§ Exercise details: Each entry below should be printed exactly, with every image left out.

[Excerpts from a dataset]
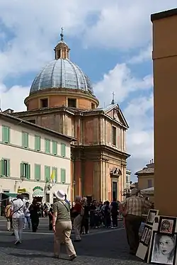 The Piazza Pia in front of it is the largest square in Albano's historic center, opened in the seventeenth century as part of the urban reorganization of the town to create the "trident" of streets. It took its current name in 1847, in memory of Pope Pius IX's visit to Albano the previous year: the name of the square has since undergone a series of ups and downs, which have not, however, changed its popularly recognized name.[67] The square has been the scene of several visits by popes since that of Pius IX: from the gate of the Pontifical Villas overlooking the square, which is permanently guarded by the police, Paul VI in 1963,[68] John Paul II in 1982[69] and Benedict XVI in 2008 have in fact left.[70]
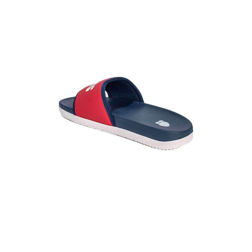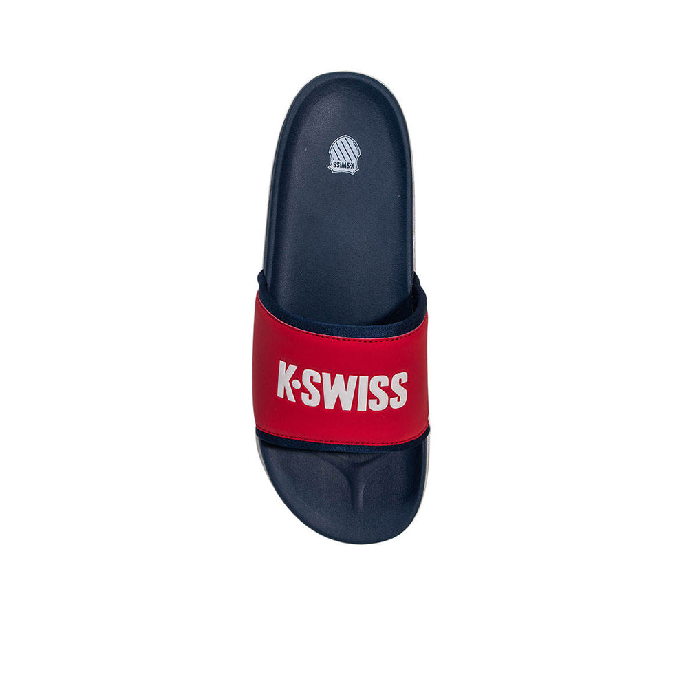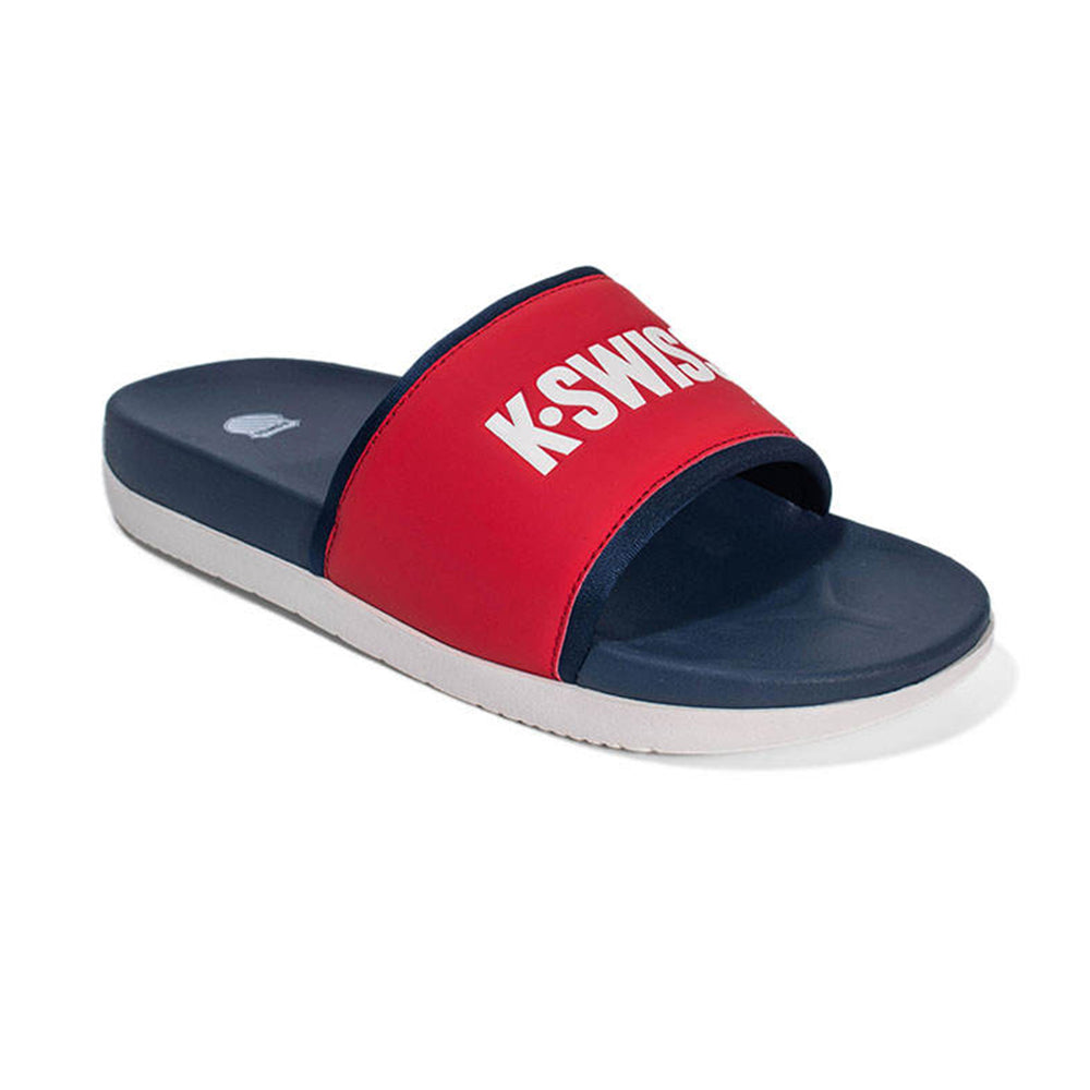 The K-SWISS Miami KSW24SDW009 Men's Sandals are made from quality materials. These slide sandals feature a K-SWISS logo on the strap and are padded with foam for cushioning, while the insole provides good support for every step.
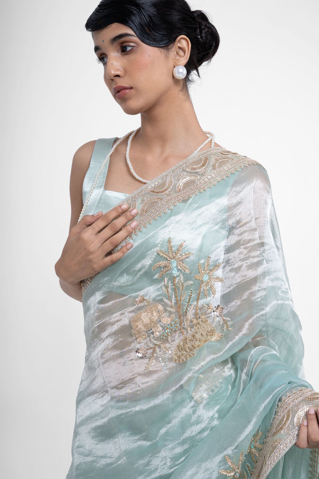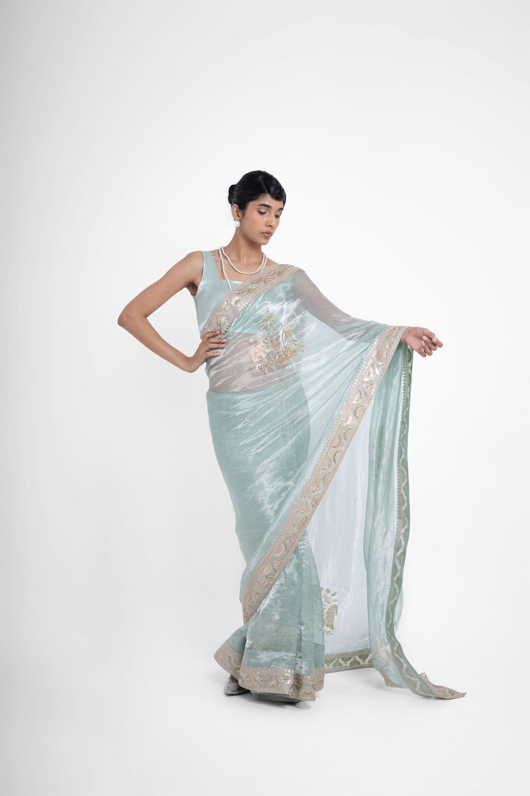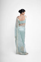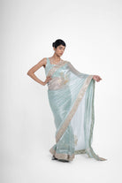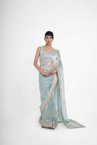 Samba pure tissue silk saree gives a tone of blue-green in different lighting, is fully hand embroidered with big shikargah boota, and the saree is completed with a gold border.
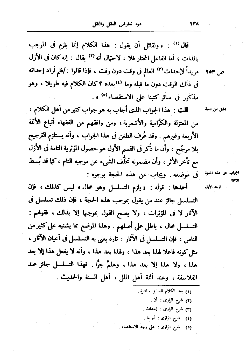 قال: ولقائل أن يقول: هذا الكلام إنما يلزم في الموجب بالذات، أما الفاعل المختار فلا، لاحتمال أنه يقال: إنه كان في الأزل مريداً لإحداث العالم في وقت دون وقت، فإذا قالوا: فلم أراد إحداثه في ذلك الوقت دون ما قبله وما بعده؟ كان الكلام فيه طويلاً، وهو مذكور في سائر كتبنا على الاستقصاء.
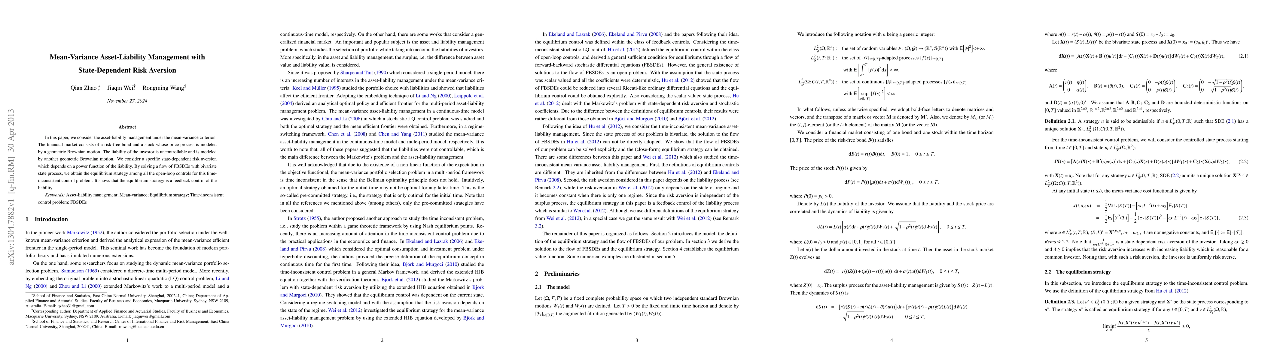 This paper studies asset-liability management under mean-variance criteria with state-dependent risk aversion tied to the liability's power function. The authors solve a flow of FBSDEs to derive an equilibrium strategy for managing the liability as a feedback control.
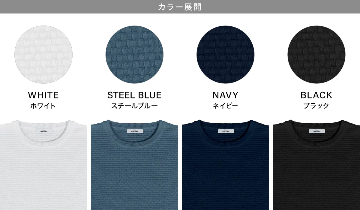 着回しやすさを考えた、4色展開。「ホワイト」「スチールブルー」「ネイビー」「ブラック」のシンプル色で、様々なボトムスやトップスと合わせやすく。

§ Written solution:
 The Piazza Pia in front of it is the largest square in Albano's historic center, opened in the seventeenth century as part of the urban reorganization of the town to create the "trident" of streets. It took its current name in 1847, in memory of Pope Pius IX's visit to Albano the previous year: the name of the square has since undergone a series of ups and downs, which have not, however, changed its popularly recognized name.[67] The square has been the scene of several visits by popes since that of Pius IX: from the gate of the Pontifical Villas overlooking the square, which is permanently guarded by the police, Paul VI in 1963,[68] John Paul II in 1982[69] and Benedict XVI in 2008 have in fact left.[70]
 The K-SWISS Miami KSW24SDW009 Men's Sandals are made from quality materials. These slide sandals feature a K-SWISS logo on the strap and are padded with foam for cushioning, while the insole provides good support for every step.
 Samba pure tissue silk saree gives a tone of blue-green in different lighting, is fully hand embroidered with big shikargah boota, and the saree is completed with a gold border.
 قال: ولقائل أن يقول: هذا الكلام إنما يلزم في الموجب بالذات، أما الفاعل المختار فلا، لاحتمال أنه يقال: إنه كان في الأزل مريداً لإحداث العالم في وقت دون وقت، فإذا قالوا: فلم أراد إحداثه في ذلك الوقت دون ما قبله وما بعده؟ كان الكلام فيه طويلاً، وهو مذكور في سائر كتبنا على الاستقصاء.
 This paper studies asset-liability management under mean-variance criteria with state-dependent risk aversion tied to the liability's power function. The authors solve a flow of FBSDEs to derive an equilibrium strategy for managing the liability as a feedback control.
 着回しやすさを考えた、4色展開。「ホワイト」「スチールブルー」「ネイビー」「ブラック」のシンプル色で、様々なボトムスやトップスと合わせやすく。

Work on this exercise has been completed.